A maze of twisty little Java web service standards, all alike

October 22nd, 2008 / Joe on Computing

It’s almost impossible to keep up with all the fractal-like Java standards related to web services. As fast as each can be learned, Sun invents another, and a dozen open source implementations appear. For my own sanity I tried to create a rough map of some of them. I’ll try to avoid making recommendations; my main objective is to sketch out how they fit together.

First, it’s important to understand that there are three main players with implementations of of these standards: Sun, the Apache foundation, and Codehaus. There are many other open source implementations as well, but these are the three 800 pound gorillas, for a total of 2400 pounds, or almost exactly one metric tonne (for our international audience).

Second, keep in mind that there are three important APIs which are inter-related: JAX-WS, JAXB, and StAX. Once you understand how these fit together, everything else falls into place more easily.

JAX-WS

Let’s begin our journey with the latest Sun standard for creating and consuming web services: JAX-WS, which stands for Java API for XML Web Services. This standard was introduced in 2004. You can ignore JAX-RPC, since JAX-WS replaces it.

There are three noteworthy implementations of JAX-WS. The first is from Sun, and is called JAX-WS RI for the JAX-WS Reference Implementation (they always had a way with names).
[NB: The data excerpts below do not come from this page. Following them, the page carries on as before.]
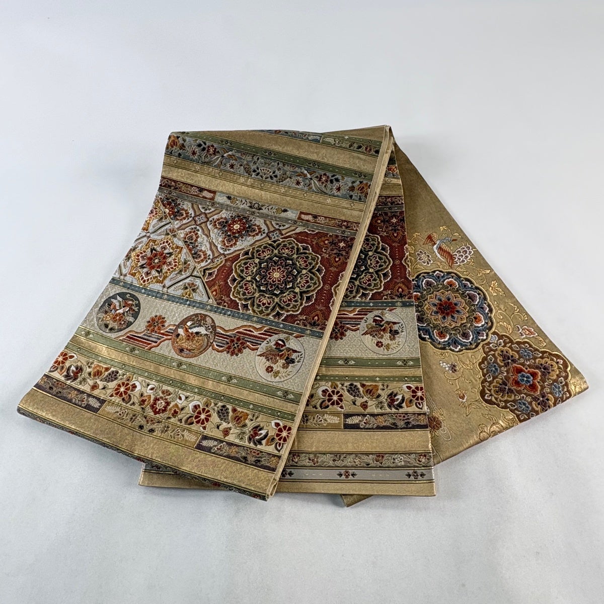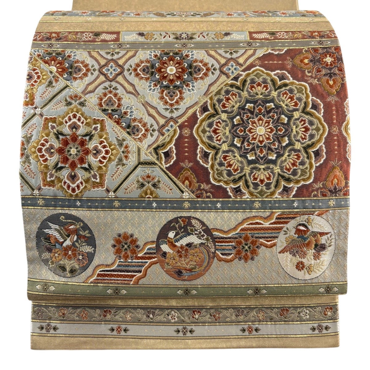 50%OFF 袋帯 秀品 華文 花鳥 金糸 箔 金茶 六通 正絹 K50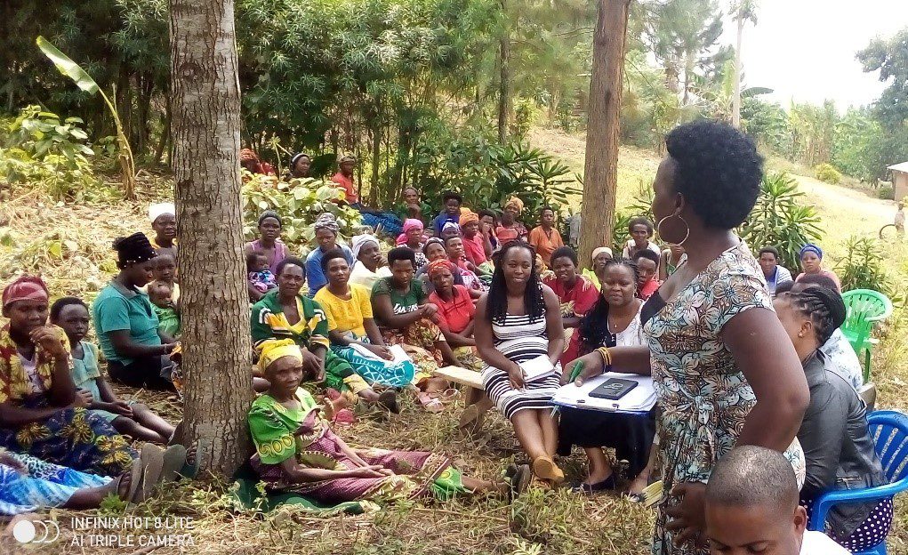 Een groepsgesprek in Oeganda over de impact van de klimaatprojecten in de omgeving.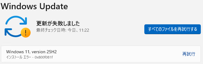 25H2 をダウンロードするとインストール完了 100% になるとエラー “0x800f081f” が表示されました。

The second and third are both from the Apache Group and are called Axis2 and CXF. You can ignore Axis1, XFire, and Celtix, since they are all obsolete. There is also a web service framework called Spring-WS, but it’s not JAX-WS compliant.

So if you are creating web services in Java, the first order of business is to to choose an implementation to work with, and unless you have a reason not to, you should probably stick to one that complies with JAX-WS, which means either JAX-WS RI, Axis2, or CXF.

Related to these is an open source project from Sun called Web Services Interoperability Technologies (WSIT), previously known as Project Tango. This is an implementation of several web service standards (WS-SecurityPolicy, WS-ReliableMessaging, and so on). Metro is an open source web service stack which is a combination of JAX-WS RI and WSIT (so it’s actually a reasonable fourth option).

JAX-WS is oriented around SOAP web services, but many programmers are now using the REST approach. Sun is coming out with the JAX-RS API to support that, but it’s not quite ready yet.

JAXB

Web service development requires mapping between XML and Java objects. JAXB is the Sun API for that (also referred to as JAXB2 since the latest version is the important one). There are two noteworthy implementations: JAXB-RI (Sun’s reference implementation) and JaxMe (the unfortunately named contribution from Apache). JaxMe is in the incubation stage and is not formally part of Apache yet. There are many other interesting and popular XML/Java mapping frameworks, but most of them are not compliant with JAXB. Examples include Castor (from Codehaus), JiBX (a spectacularly fast open source implementation), and XMLBeans (a flexible implementation from Apache).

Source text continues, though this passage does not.